[perfmon2] Fwd: [patch] Performance Counters for Linux, v2

stephane eranian Tue, 09 Dec 2008 11:07:20 -0800

---------- Forwarded message ----------
From: Ingo Molnar <[EMAIL PROTECTED]>
Date: Tue, Dec 9, 2008 at 2:46 PM
Subject: Re: [patch] Performance Counters for Linux, v2
To: [EMAIL PROTECTED]
Cc: [EMAIL PROTECTED], Thomas Gleixner
<[EMAIL PROTECTED]>, [EMAIL PROTECTED], Andrew Morton
<[EMAIL PROTECTED]>, Eric Dumazet <[EMAIL PROTECTED]>,
Robert Richter <[EMAIL PROTECTED]>, Arjan van de Veen
<[EMAIL PROTECTED]>, Peter Anvin <[EMAIL PROTECTED]>, Peter Zijlstra
<[EMAIL PROTECTED]>, Steven Rostedt <[EMAIL PROTECTED]>, David
Miller <[EMAIL PROTECTED]>, Paul Mackerras <[EMAIL PROTECTED]>, Paolo
Ciarrocchi <[EMAIL PROTECTED]>

* stephane eranian <[EMAIL PROTECTED]> wrote:

> > There's a new "counter group record" facility that is a
> > straightforward extension of the existing "irq record" notification
> > type. This record type can be set on a 'master' counter, and if the
> > master counter triggers an IRQ or an NMI, all the 'secondary'
> > counters are read out atomically and are put into the counter-group
> > record. The result can then be read() out by userspace via a single
> > system call. (Based on extensive feedback from Paul Mackerras and
> > David Miller, thanks guys!)
>
> That is unfortunately not generic enough. You need a bit more
> flexibility than master/secondaries, I am afraid.  What tools want is
> to be able to express:
>
>    - when event X overflows, record values of events  J, K
>    - when event Y overflows, record values of events  Z, J

hm, the new group code in perfcounters-v2 can already do this. Have you
tried to use it and it didnt work? If so then that's a bug. Nothing in
the design prevents that kind of group readout.

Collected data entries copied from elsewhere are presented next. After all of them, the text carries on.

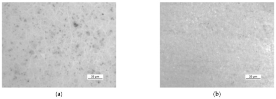 Investigations of the ceramics’ wettability with the use of distilled water showed that corundum oxide (Al2O3) has weak hydrophilic properties, consistent with the literature data [42]. After treatment with plasma with barrier discharges and oxygen plasma, the surface became superhydrophilic; due to this, the measurement of the contact angle using the drop geometry method is burdened with a large error (Figure 2b). The improvement of the wettability of the ceramic surface was also obtained as a result of chemical modification. However, the obtained effect of improving the hydrophilicity of the surface after acid treatment was weaker than as a result of plasma. Furthermore, the results show that increasing the acid concentration 2-fold did not significantly increase this effect. The results of the contact angle measurements with distilled water of pure and modified ceramic samples are presented in Table 2, and Figure 2 shows the change in the appearance of water droplets on the ceramic surface after the applied modifications.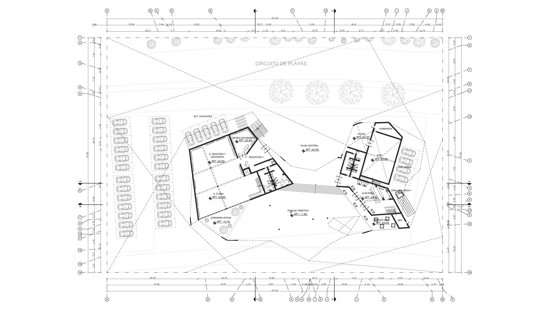 El proyecto organiza el flujo permanente al parque temático, el acceso al complejo en horario restringido y separa el recorrido del personal de servicios generales y abastecimiento a ambientes interiores como la cafetería.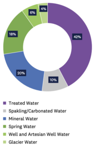The source of ‘treated’ bottled water, which need not be specified and is generally not highlighted in its branding, may be a natural source or a public supply system. Whatever the source, it is often purified or processed in some way. Treated water constitutes 42% of the market for bottled water by volume.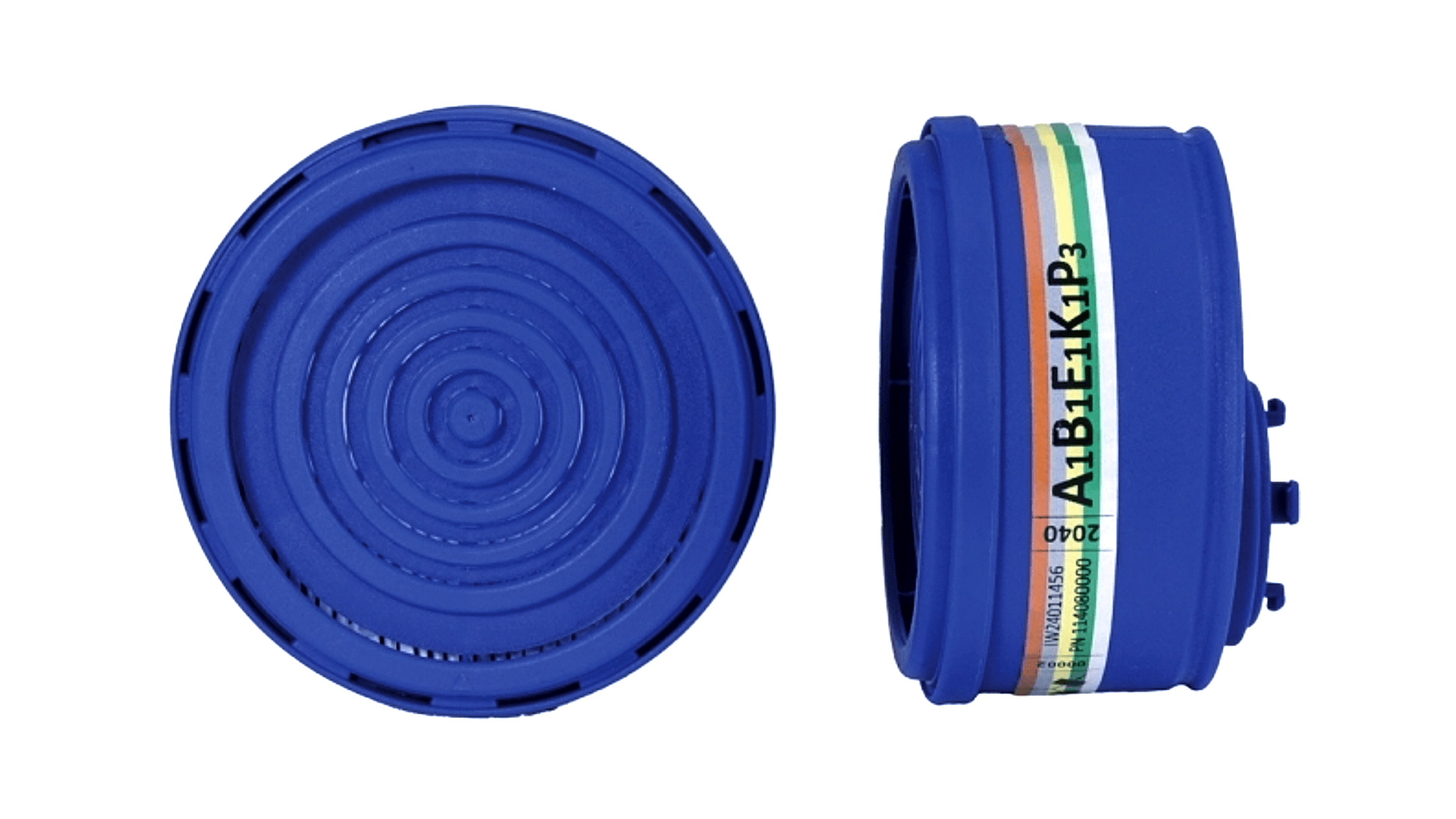 Combined cartridge/ filter, class 1 for gas protection and class P3 for particle filter, according to EN 14387:2021.

[ We could (and probably will) enhance the grouping relationship some
 more, but group readouts are a fundamentally inferior mode of
 profiling. (see below for the explanation) ]

> I am not making this up. I know tools that do just that, i.e., that is
> collecting two distinct profiles in a single run. This is how, for
> instance, you can collect a flat profile and the call graph in one run,
> very much like gprof.

yeah, but it's still the fundamentally wrong thing to do.

Being able to extract high-quality performance information from the
system is the cornerstone of our design, and chosing the right sampling
model permeates the whole issue of single-counter versus group-readout.

I dont think finer design aspects of kernel support for performance
counters can be argued without being on the same page about this, so
please let me outline our view on these things, in (boringly) verbose
detail - spiked with examples and code as well.

Firstly, sampling "at 1msec intervals" or any fixed period is a _very_
wrong mindset - and cross-sampling counters is a similarly wrong mindset.

When there are two (or more) hw metrics to profile, the ideally best
(i.e. the statistically most stable and most relevant) sampling for the
two statistical variables (say of l2_misses versus l2_accesses) is to
sample them independently, via their own metric. Not via a static 1khz
rate - or via picking one of the variables to generate samples.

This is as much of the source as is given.